ASSIGNMENT:
In the data that follows, find the line with "Die Decke ist"; transcribe it, every later line up to the one with "سازه پارچه ای", and that line as well, exactly and with no others.

RECORDS PROVIDED:

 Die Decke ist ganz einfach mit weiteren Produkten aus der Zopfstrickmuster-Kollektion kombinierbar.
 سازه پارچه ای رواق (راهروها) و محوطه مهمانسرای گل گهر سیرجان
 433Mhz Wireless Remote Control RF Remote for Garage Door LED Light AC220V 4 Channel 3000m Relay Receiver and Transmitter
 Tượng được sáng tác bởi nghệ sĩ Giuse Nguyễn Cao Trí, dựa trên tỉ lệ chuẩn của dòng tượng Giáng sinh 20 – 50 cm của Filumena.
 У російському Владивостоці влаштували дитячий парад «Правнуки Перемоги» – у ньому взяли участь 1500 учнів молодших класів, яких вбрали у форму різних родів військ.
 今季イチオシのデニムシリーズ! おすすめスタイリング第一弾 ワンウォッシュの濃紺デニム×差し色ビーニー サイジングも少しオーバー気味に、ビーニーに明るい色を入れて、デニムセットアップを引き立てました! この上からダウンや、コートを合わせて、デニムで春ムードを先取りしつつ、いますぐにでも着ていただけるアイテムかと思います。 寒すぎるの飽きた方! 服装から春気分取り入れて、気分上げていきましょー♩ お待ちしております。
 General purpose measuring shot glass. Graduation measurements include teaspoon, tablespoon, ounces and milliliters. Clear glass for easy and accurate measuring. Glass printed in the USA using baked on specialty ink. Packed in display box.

==

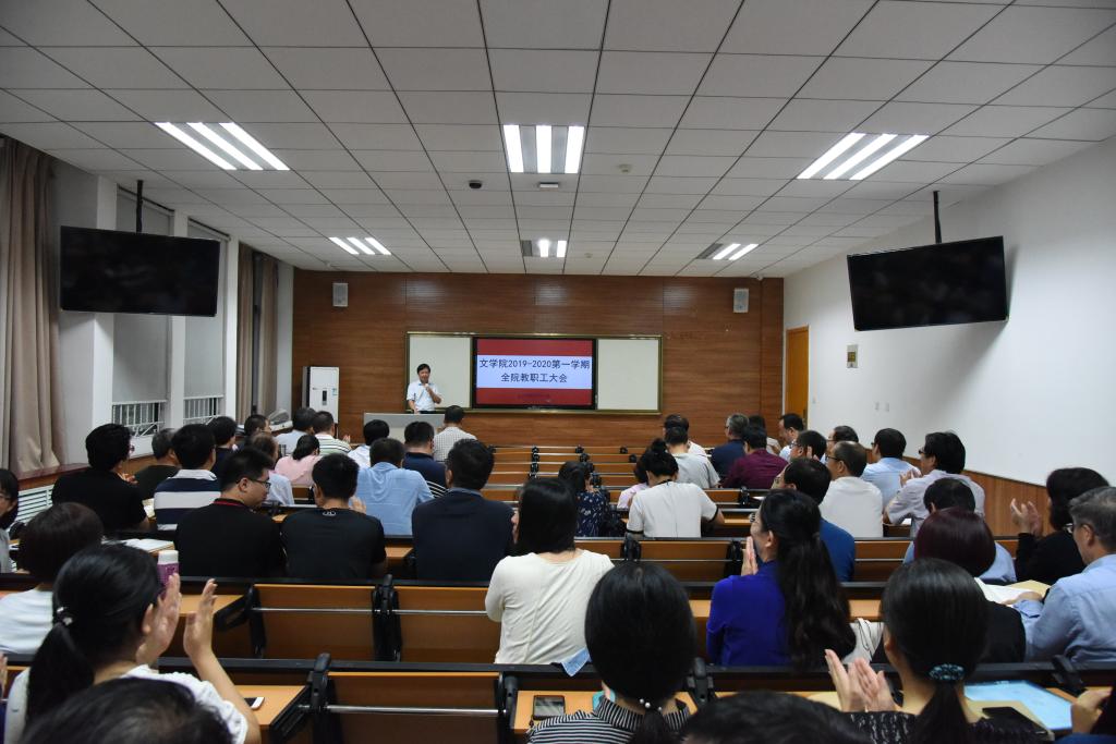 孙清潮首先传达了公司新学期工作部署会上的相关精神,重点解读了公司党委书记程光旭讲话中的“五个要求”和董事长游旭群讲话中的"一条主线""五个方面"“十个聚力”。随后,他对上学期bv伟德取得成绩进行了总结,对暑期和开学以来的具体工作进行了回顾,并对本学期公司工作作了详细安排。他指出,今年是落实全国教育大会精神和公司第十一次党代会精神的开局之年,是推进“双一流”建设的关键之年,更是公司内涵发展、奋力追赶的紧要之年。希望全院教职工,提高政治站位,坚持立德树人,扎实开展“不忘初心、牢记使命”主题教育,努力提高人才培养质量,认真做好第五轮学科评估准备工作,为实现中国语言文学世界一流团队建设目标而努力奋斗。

EXERCISE RESULT:
 Die Decke ist ganz einfach mit weiteren Produkten aus der Zopfstrickmuster-Kollektion kombinierbar.
 سازه پارچه ای رواق (راهروها) و محوطه مهمانسرای گل گهر سیرجان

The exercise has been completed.